All around the world, humans have damaged the nutrient cycle by doing things like cutting trees high in the catchments of watersheds - a recipe for disaster as many nations are now learning. The loss of natural nutrient transport systems like the passenger pigeon or salmon runs now dead has meant serious loss of fertility to large areas. Furthermore, nature's jury is still out on whether we can survive the destruction of these systems.
Those who can think beyond the next quarterly report, or the next election cycle, or the next Pop Idol episode know that we face serious systematic restructuring in the way we manage human activity everywhere. What we have yet to see is any genuine interest or even recognition of this fact from any group or institution with the resources to make the huge changes that are necessary.

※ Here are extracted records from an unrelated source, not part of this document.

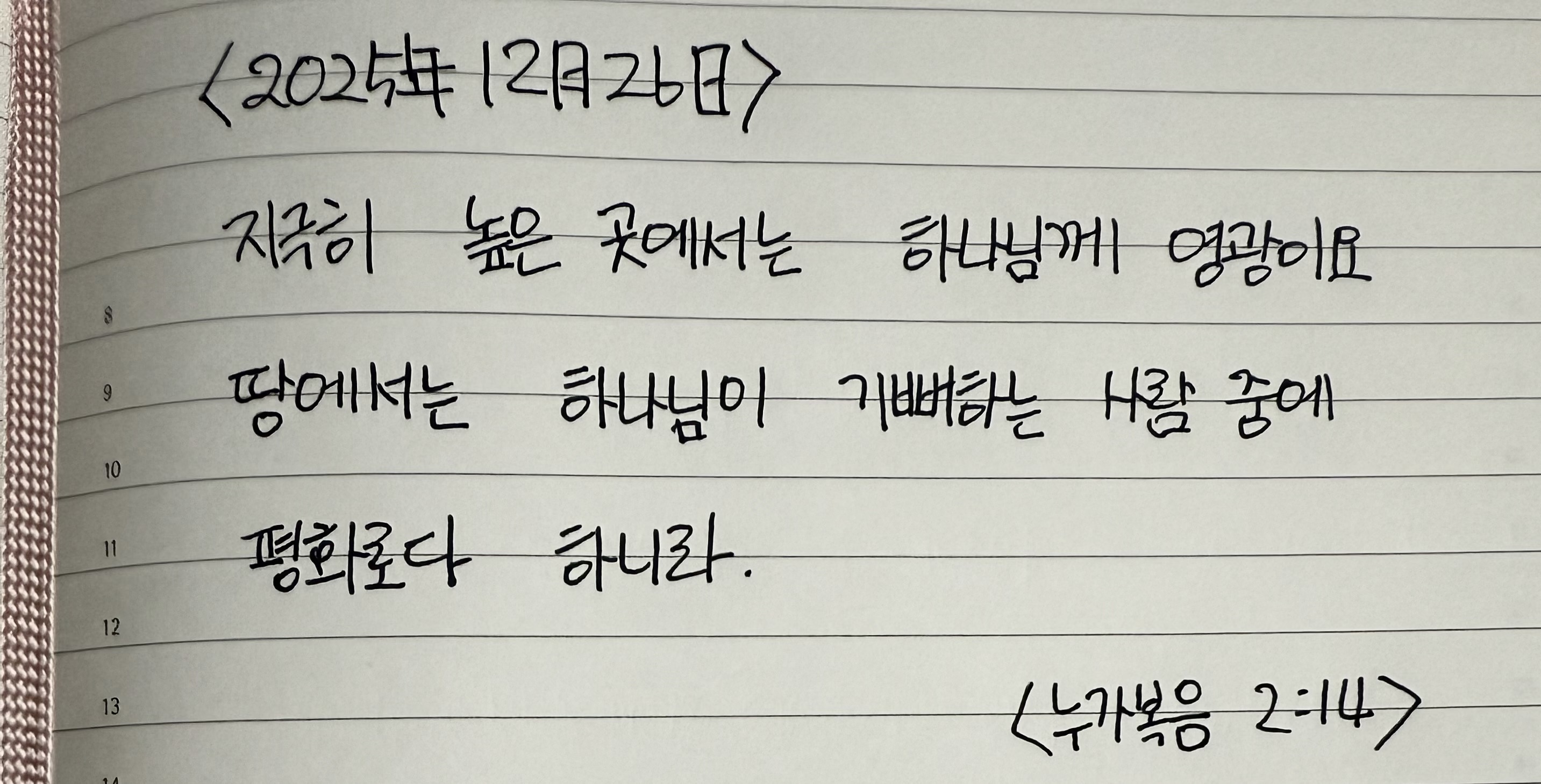 오늘의 심비 25/12/26matildah (66)in #steem • 4 months ago 지극히 높은 곳에서는 하나님께영광이요 땅에서는 하나님이 기뻐하는 사람중에 평화로다 하니라 <누가복음 2:14> Glory to God in the highest, and on earth peace to men on whom his favor rests. #church #bible #kr #mini #dblog #krsuccess #palnet
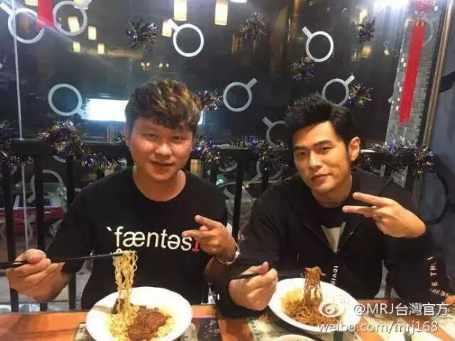 杰伦听完后十分感动,请这位忠实粉丝吃面,还和他一起拍照留念。
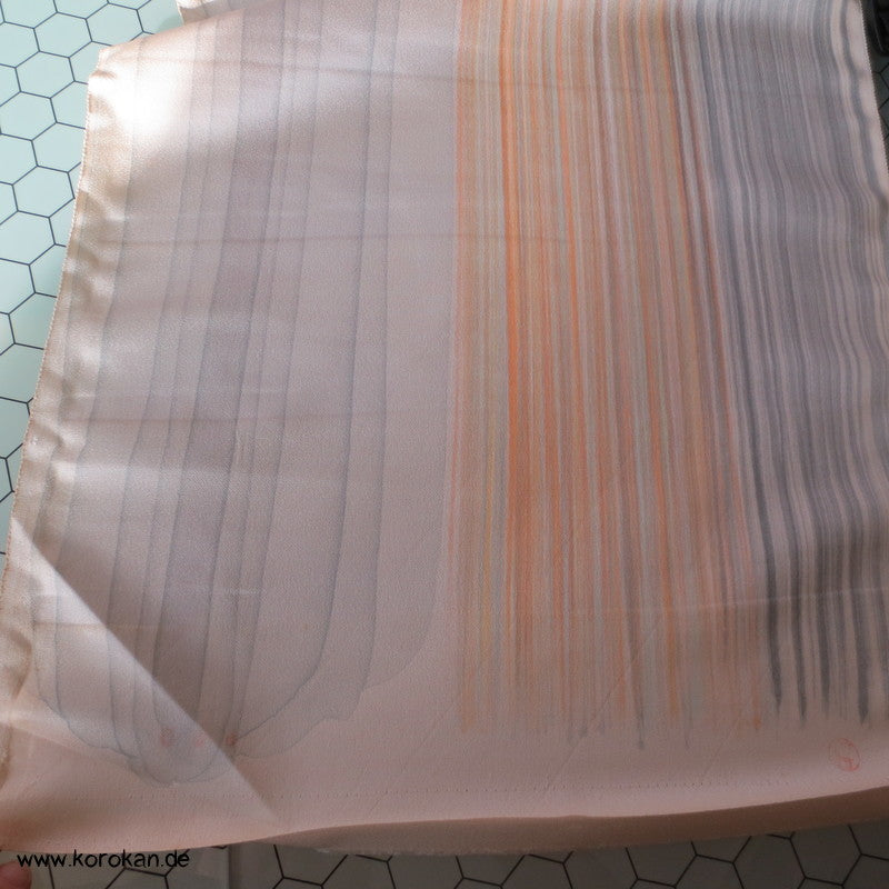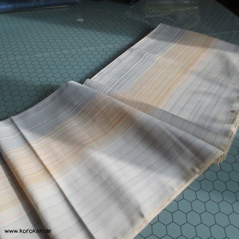Vintage unbenutzte Tanmono Stoffrolle Seidencrepesatin zarte handgemalte Längsstreifen
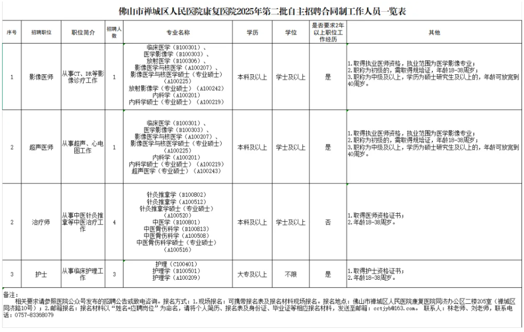 详见附件:1.《佛山市禅城区人民医院康复医院2025年自主招聘第二批合同制工作人员一览表》。
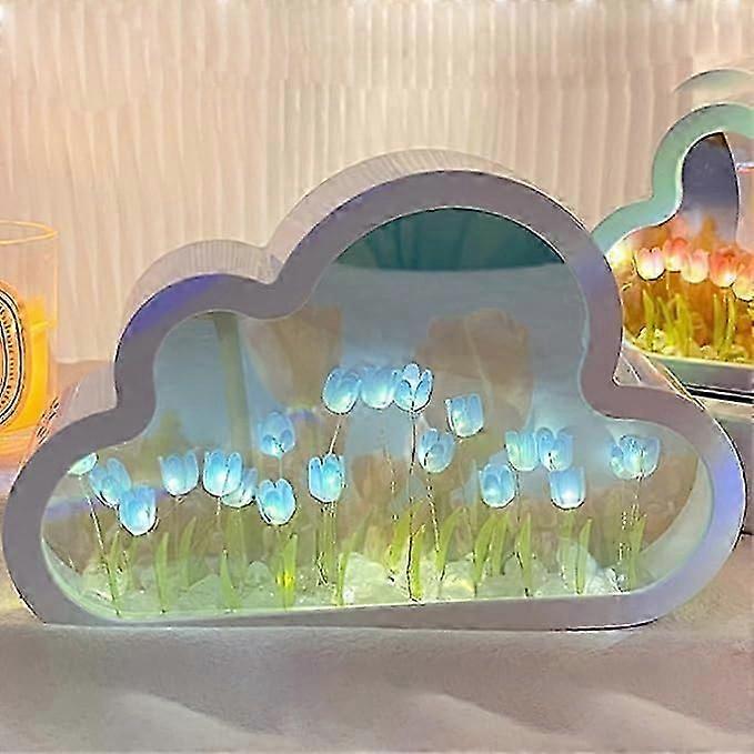 Cloud Tulip Lamp, DIY Cloud Tulip Mirror Night Light Simulation Flower Bedroom Sleeping Table Lamp Bedside Desktop Ornaments for Teen Girls
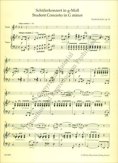 Friedrich Seitz (1848-1918) was one of the best-known and most sought-after violinists of his day. This concerto starts with a resolute allegro in G minor, followed by a gentle adagio in E-flat major and flows into a cheerful dance-like final movement in G major. In order to play this, violinists must be able to master 1st to 3rd positions.
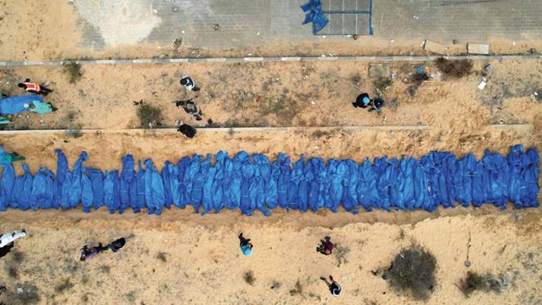 – Güney Afrika ekibinden Adila Hassim toplu mezarların fotoğraflarını yargıçlara göstererek, İsrail’in kullandığı bombaların etkisinden ve güvenli olarak ilan edilen alanların bile bombalanmasından söz etti. Hassim’in gösterdiği fotoğrafların ‘Anadolu Ajansı’ imzalı olması dikkat çekti. AA Foto Muhabiri Fadi Alwhidi tarafından çekilen ve kanıt olarak sunulan fotoğrafta, Gazze’de 23 Aralık’ta Beyt Lahya kentinde enkaz altından çıkarılan cansız bedenlerin, Endonezya Hastanesi’nin yakınında hazırlanan toplu mezara defnedildiği görülüyor.

And change we must. There is nothing in the human genome, no evidence from neurology, nor evidence from history to suggest that we are too intelligent not to lead ourselves into collapse. While I have worked on my own and in concert with others to create systems that are sustainable, that repair damaged landscapes, and do pay attention nutrient cycling, our work is continually outstripped by newer and more devastating destruction.
I am sorry if that sounds negative, but reality can be a nasty thing. We continue to look through rose-coloured glasses and hope that someone will make everything alright at our own peril. Each day we don't change our own lives erodes the chances of being able to make positive changes in the future.
That's a great post Paul!
When's the next one coming?
Less pollen counting, more Part II writing.